'''
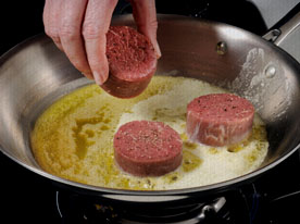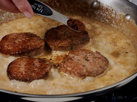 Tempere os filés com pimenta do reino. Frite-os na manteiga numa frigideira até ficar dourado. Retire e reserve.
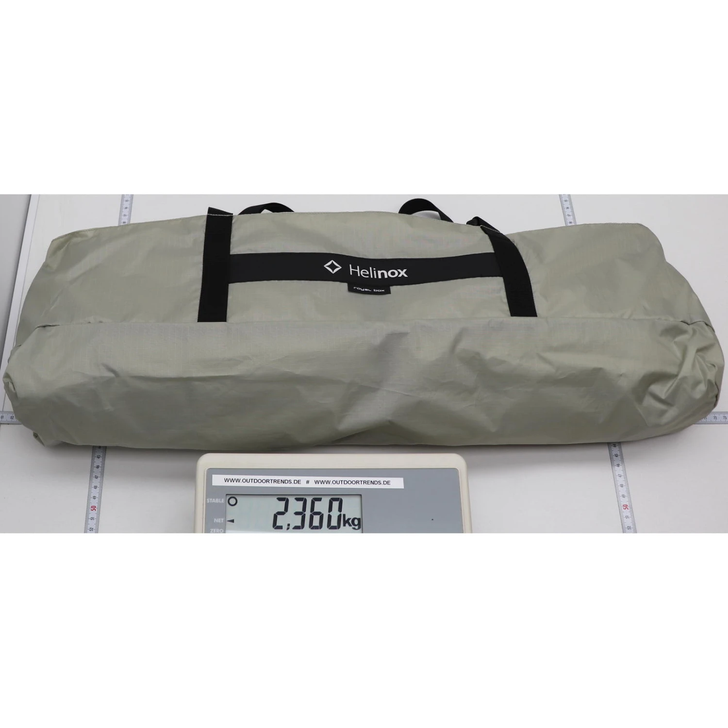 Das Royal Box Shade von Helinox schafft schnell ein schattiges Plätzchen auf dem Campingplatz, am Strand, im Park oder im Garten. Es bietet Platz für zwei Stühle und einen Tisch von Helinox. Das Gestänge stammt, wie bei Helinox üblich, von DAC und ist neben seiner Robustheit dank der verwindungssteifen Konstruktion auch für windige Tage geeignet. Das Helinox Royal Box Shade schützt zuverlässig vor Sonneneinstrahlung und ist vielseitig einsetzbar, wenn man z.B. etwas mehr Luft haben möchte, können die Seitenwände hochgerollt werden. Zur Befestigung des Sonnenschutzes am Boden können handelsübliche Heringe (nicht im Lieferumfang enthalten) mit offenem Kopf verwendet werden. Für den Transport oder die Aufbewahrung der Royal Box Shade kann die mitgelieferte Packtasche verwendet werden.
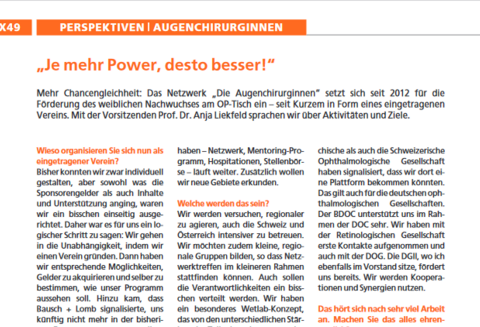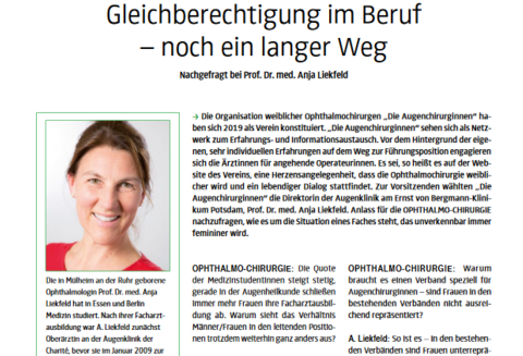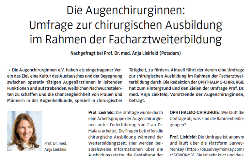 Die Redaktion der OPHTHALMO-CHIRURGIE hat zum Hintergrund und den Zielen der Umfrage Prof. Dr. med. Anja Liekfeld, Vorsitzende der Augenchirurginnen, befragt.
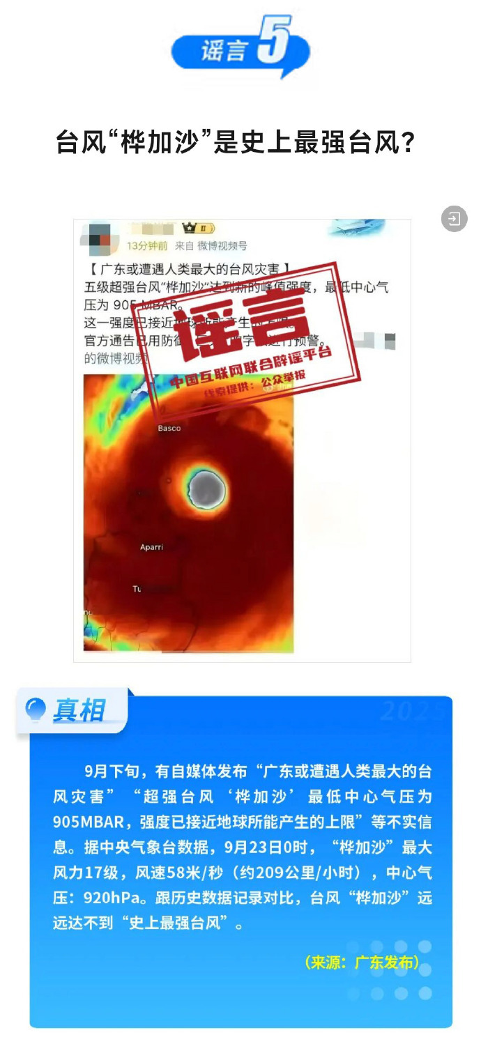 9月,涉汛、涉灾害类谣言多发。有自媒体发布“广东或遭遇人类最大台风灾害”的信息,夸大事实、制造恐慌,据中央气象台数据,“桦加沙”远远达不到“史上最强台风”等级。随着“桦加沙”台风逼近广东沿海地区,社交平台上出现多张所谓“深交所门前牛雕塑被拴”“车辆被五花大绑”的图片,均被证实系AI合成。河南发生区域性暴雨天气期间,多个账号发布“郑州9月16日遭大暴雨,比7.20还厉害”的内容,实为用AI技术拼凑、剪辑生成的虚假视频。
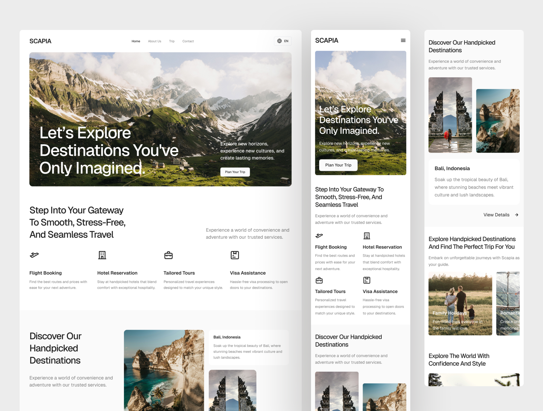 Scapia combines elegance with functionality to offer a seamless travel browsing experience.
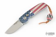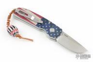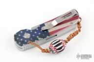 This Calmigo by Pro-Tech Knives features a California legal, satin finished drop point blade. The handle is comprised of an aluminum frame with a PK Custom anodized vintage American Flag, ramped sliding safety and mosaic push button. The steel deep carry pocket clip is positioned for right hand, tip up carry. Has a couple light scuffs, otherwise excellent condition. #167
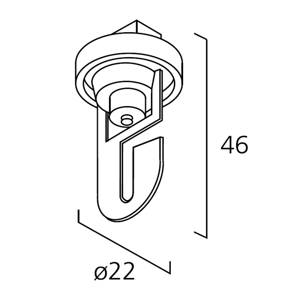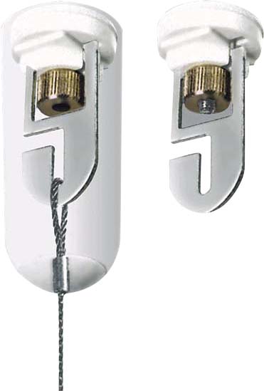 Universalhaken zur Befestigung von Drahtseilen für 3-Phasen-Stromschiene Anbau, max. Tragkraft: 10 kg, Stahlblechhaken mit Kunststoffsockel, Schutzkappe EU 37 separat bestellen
'''
→ WORK TO BE COMPLETED
Each record above is to be restated exactly, with its pictures removed from the copy.

→ EXERCISE RESPONSE
 Tempere os filés com pimenta do reino. Frite-os na manteiga numa frigideira até ficar dourado. Retire e reserve.
 Das Royal Box Shade von Helinox schafft schnell ein schattiges Plätzchen auf dem Campingplatz, am Strand, im Park oder im Garten. Es bietet Platz für zwei Stühle und einen Tisch von Helinox. Das Gestänge stammt, wie bei Helinox üblich, von DAC und ist neben seiner Robustheit dank der verwindungssteifen Konstruktion auch für windige Tage geeignet. Das Helinox Royal Box Shade schützt zuverlässig vor Sonneneinstrahlung und ist vielseitig einsetzbar, wenn man z.B. etwas mehr Luft haben möchte, können die Seitenwände hochgerollt werden. Zur Befestigung des Sonnenschutzes am Boden können handelsübliche Heringe (nicht im Lieferumfang enthalten) mit offenem Kopf verwendet werden. Für den Transport oder die Aufbewahrung der Royal Box Shade kann die mitgelieferte Packtasche verwendet werden.
 Die Redaktion der OPHTHALMO-CHIRURGIE hat zum Hintergrund und den Zielen der Umfrage Prof. Dr. med. Anja Liekfeld, Vorsitzende der Augenchirurginnen, befragt.
 9月,涉汛、涉灾害类谣言多发。有自媒体发布“广东或遭遇人类最大台风灾害”的信息,夸大事实、制造恐慌,据中央气象台数据,“桦加沙”远远达不到“史上最强台风”等级。随着“桦加沙”台风逼近广东沿海地区,社交平台上出现多张所谓“深交所门前牛雕塑被拴”“车辆被五花大绑”的图片,均被证实系AI合成。河南发生区域性暴雨天气期间,多个账号发布“郑州9月16日遭大暴雨,比7.20还厉害”的内容,实为用AI技术拼凑、剪辑生成的虚假视频。
 Scapia combines elegance with functionality to offer a seamless travel browsing experience.
 This Calmigo by Pro-Tech Knives features a California legal, satin finished drop point blade. The handle is comprised of an aluminum frame with a PK Custom anodized vintage American Flag, ramped sliding safety and mosaic push button. The steel deep carry pocket clip is positioned for right hand, tip up carry. Has a couple light scuffs, otherwise excellent condition. #167
 Universalhaken zur Befestigung von Drahtseilen für 3-Phasen-Stromschiene Anbau, max. Tragkraft: 10 kg, Stahlblechhaken mit Kunststoffsockel, Schutzkappe EU 37 separat bestellen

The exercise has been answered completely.